A mid-’60s, parkland-style layout by George Fazio, Downingtown plays at a compact 6,642 yards. At first, you might think you’re in for a straightjacket of a round of either being straight and accurate or playing recovery shots from among the trees. But Downingtown is surprisingly generous for the golfer who has an eye on playing it safe, while still offering opportunities for the average player to score well.
“Accomplished golfers may play the first five holes thinking they should be one or more under par,” says one veteran of the course. “They’re tempted, then, to take it up a notch—and that’s when they hit the sixth and seventh, which can make or break their round, depending on just how much risk they’re willing to accept.”

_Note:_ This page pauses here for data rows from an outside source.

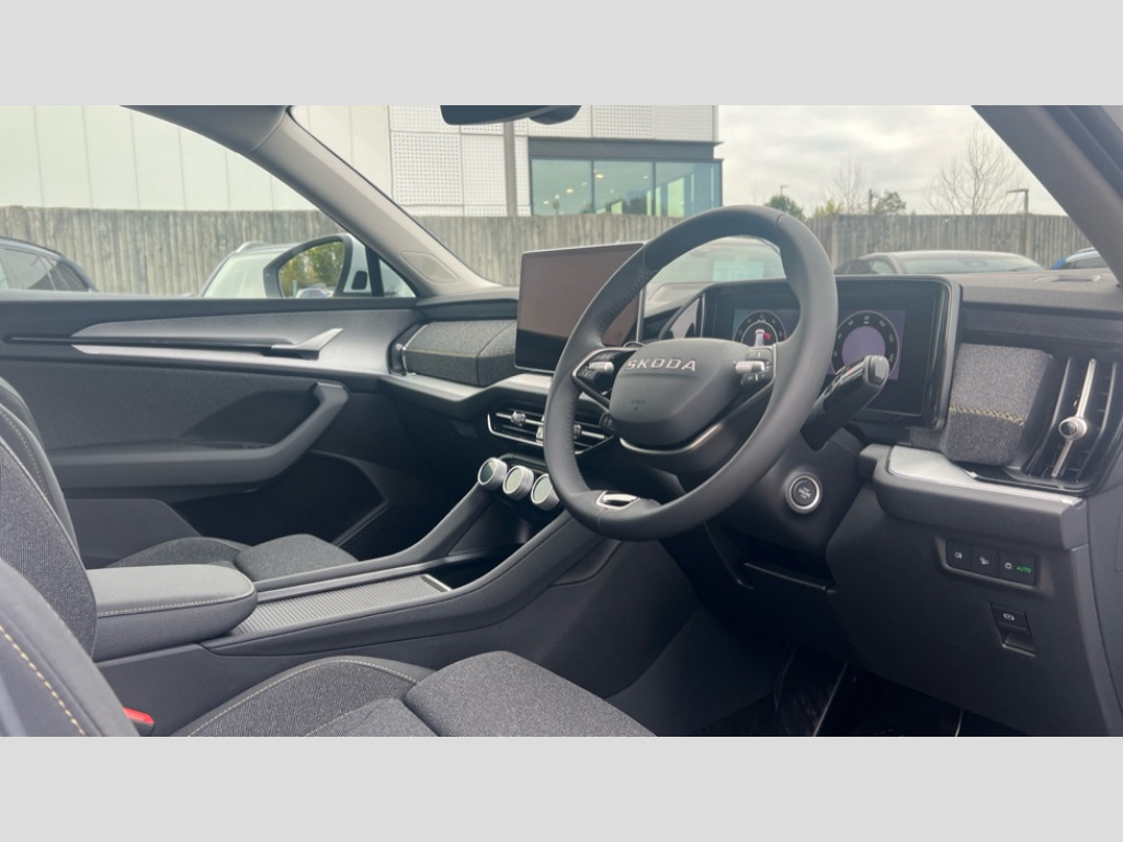 Skoda Kodiaq 1.5 TSI e-TEC SE 5dr DSG 13" satellite navigation touchscreen display, Blind spot detection with door exit warning, Bluetooth system, ChatGPT functionality, Driver alert - Fatigue and drowsiness monitor, Dry display cleaner, Emergency call, Front and rear parking sensors, Front cross traffic assist, Lane assist, PAS, Rear traffic assist, Rear view camera, Tailgate unlocking from outside, Traffic sign recognition, USB C Port x 2 in front centre console, Virtual Cockpit - 10.25" digital display, Voice control system, Wireless charging for two smartphones (15W) with cooling function, Wireless SmartLink for Apple CarPlay and Android Auto, Stop/start function, 2x USB-C in the rear, 8 Speakers, DAB Digital radio, Aero front windscreen wipers with intermittent function, All weather light, Auto dimming rear view mirror, Black wheel arch surrounds, Body colour bumpers, Body colour door mirrors and handles, Cornering light and poor weather light, Electric folding /adjustable/separted heated/folding door mirrors, auto dimming with boarding sports and memory function, Electric front and rear windows, Exterior black decorative trims, Heat insulating glass in windshield, Heated rear window, Ice scraper in fuel tank cap, Invisible tailpipe, LED daytime running lights, LED front fog lamps, LED Headlights, LED rear fog light, LED rear lights, LED third brake light in rear spoiler, Light assistant with automatic headlight control and coming home feature, Logo projection in door mirrors, Rear roof spoiler, Rear side wing doors, Rear window wiper, Safety reflectors on front and rear doors, Unique dark chrome design logo on alloy wheels, Window control switches with black trim, Windscreen wipers with rain sensor, Without engine designation, 1.5l bottle holder points in all door, 1x centre rear reading light, 3 configurable smart dials with 32mm coloured display, 3 seat bench in 2nd row, 4 foldable roof handles with rear coat hooks, Ambient interior lighting - Dashboard, front-door stowage compartments, front and rear door panels and footwell lighting, Automatic gear selector on steering column, Chrome interior door handles, Driver/front passenger reading lights, Fabric headlining, Fixed bench 40:60:40 split folding backrests, Front and rear floor mats, Front centre armrest with jumbo box storage compartment, cup holder and 12V socket, Height adjustable front headrests, Isofix child seat fittings in outer rear seats and front passenger with top tether, Manual height adjustment for front passenger seats and thigh support extender, Manual lumbar support for front passenger seat, Manually adjustable steering column, Pollen filter, Rear centre armrest with cupholders, Rear seat boot backrest release, Single front passenger seat, Skoda lettering on steering wheel, Storage pocket including mobile phone pockets on the backs of the front seats, Sunvisors with illuminated vanity mirrors, Three rear height adjustable headrests, Ticket holder on A Pillar, Tri zone climate control, Umbrella in door panel x1 made from sustainable materials, Upper and lower glovebox with card holder and coin compartment, USB C port by rear view mirror for charging only (15W), Auto door release and activation of warning lights in the event of an accident, Driver and front passenger airbag with knee airbag and front passenger airbag deactivation, Electric child locks, Electronic parking brake, ESC (incl. ABS+EMD+MSR+ASR+EDL+HBA+DSR+RBS+ESBS+MCB+TSA+XDS), Front assist with braking reaction to vehicles, pedestrians and cyclists, Front disc brakes, Fuel cut off safety device, Height adjustable front 3 point seatbelts + pretensioners, Hill hold assist, Junction assist with automatic emergency braking, Rear disc brakes, Safety vest holder in door, Seat belt reminder for all seats, Three point rear seat belts, Two tone horn, Tyre pressure monitor, Alarm with interior monitoring and tilt sensor with safe function, Anti-theft wheel bolts, Immobiliser, Remote central locking with 2 keys, Tool kit
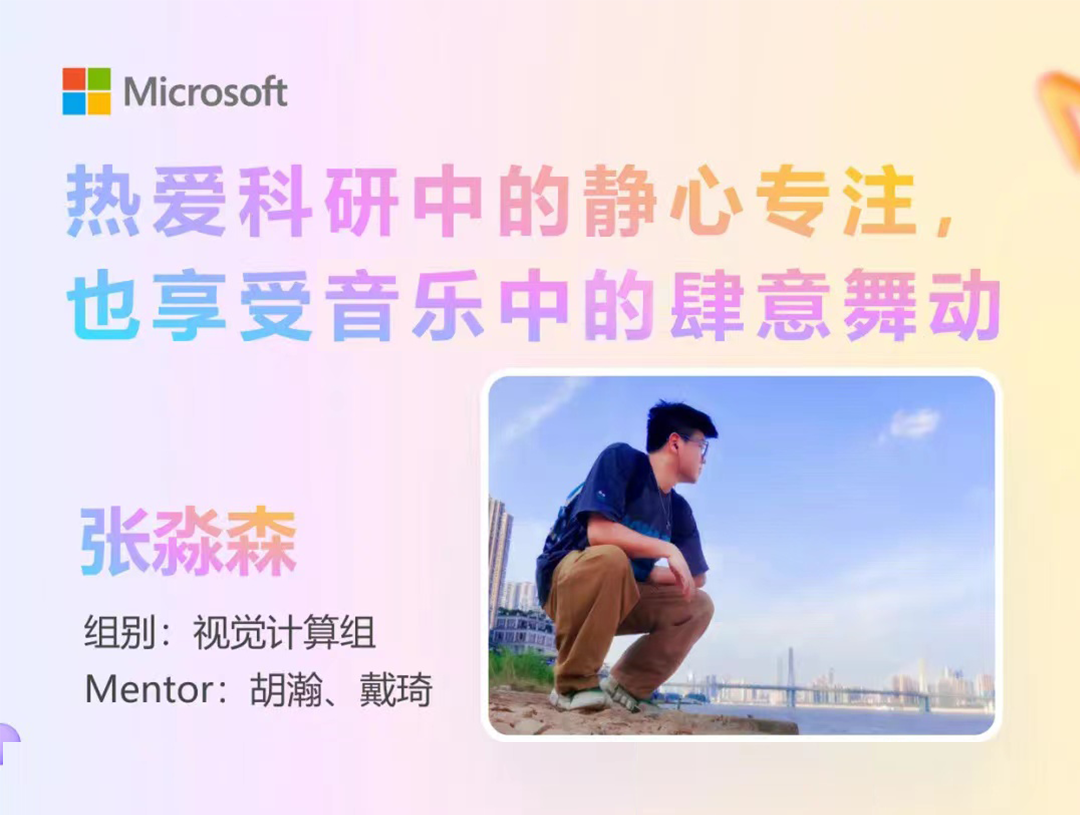2021年8月,东南大学人工智能专业的张淼森入选了微软亚洲研究院与东南大学的联合培养博士生项目。他说,这满足了他“进入有科研活力的研究院,靠实力去拼末来〞的心愿。他也正式开启了自己在研究院的实习。科研中的他专注且上进:每天早上9点到公司,吃完早餐开始写代码跑实验,下午会打印论文找个安静的咖啡厅阅读,这是淼森一天的工作日常。下班后,充满活力、热爱街舞是淼森的另一个标签。他从高三开始学习街舞,到现在已经4年了。
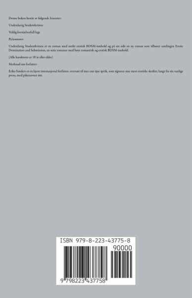 Denne boken består av følgende historier: Underdanig Studentkvinne Veldig forståelsesfull lege På kontoret Underdanig Studentkvinne er en roman med sterkt erotisk BDSM-innhold og på sin side en ny roman som tilhører samlingen Erotic Domination and Submission, en serie romaner med høyt romantisk og erotisk BDSM-innhold. (Alle karakterer er 18 år eller eldre) Merknad om forfatter: Erika Sanders er en kjent internasjonal forfatter, oversatt til mer enn tjue språk, som signerer sine mest erotiske skrifter, langt fra sin vanlige prosa, med pikenavnet sitt.
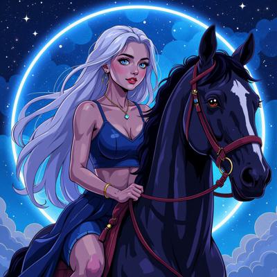 Лошадь должна быть динамичной и энергичной, с яркими огненными оттенками — красным, оранжевым и желтым. Добавьте элементы новогоднего декора, такие как снежинки, елочные игрушки и гирлянды, чтобы создать атмосферу праздника. Фон может быть темным, чтобы огненные цвета лошади выделялись еще больше. Принт должен быть ярким, позитивным и вдохновляющим, идеально подходящим для новогоднего настроения.
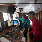 Darkness fell as we neared the midpoint of our run, and the sky overflowed with stars. Nighttime bridge duties were uncomplicated—mainly we monitored our course to be sure the autopilot kept us on track and kept another eye on the radar and AIS data to identify any potential traffic in the area. Of the few ships we did see during the night, none approached within five miles of our boat. Of course, keeping an eye on the ocean for large debris is standard procedure at any time, but as we moved across a quiet ocean under clear skies, this was not a major concern.
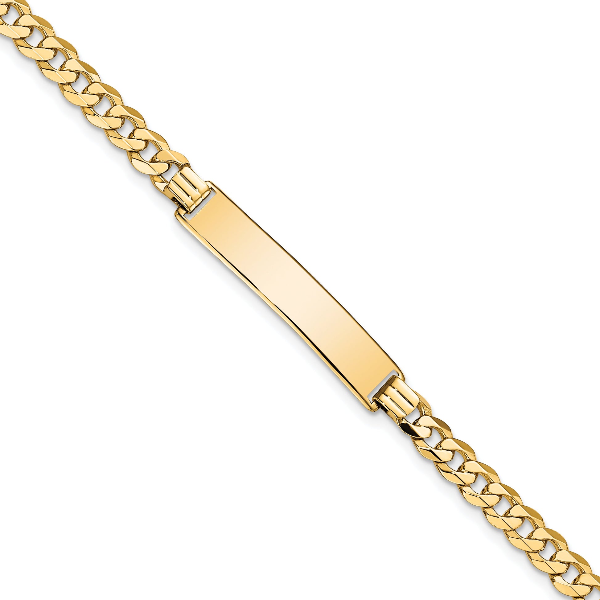 The 7 Inch 14K Flat Curb Link ID Bracelet is a timeless piece that adds a touch of class to any outfit. Crafted in high-quality 14K yellow gold, this bracelet features a sleek polished finish that highlights its elegant design. Its curb link chain offers a solid and sturdy feel, perfect for daily wear. Measuring 7 inches in length and 5 mm in width, this ID bracelet is both unisex and versatile. The lobster clasp ensures a secure fit. For added personalization, the bracelet is engravable, making it an ideal gift. The 7 Inch 14K Flat Curb Link Id Bracelet effortlessly combines style and function.
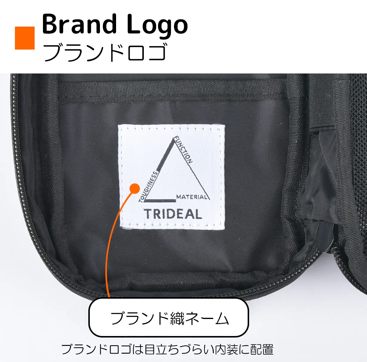 小物を収納する為のファスナーポケットと、2段の差し込み式のポケットも配置しています。

This is not to say that the first five holes are cupcakes. Fazio’s tendency here to construct trouble left and right as the primary challenge to shotmaking is visible on the first hole, a seemingly benign 397-yard “starter” par 4. While the pond on the left is primarily an optical defense, its presence may push tee shots farther right, where fairway and greenside bunkers suggest something less than the ideal path to the green and an opening birdie putt or safe par.
The 369-yard second hole continues Fazio’s left-right theme, with a sloping right to a tree-lined landing area that will block a straight approach to the green. A bunker at the top left side of the sloping fairway, however, may steer your target landing to that limiting right side. The plateau green will shed anything that’s off target.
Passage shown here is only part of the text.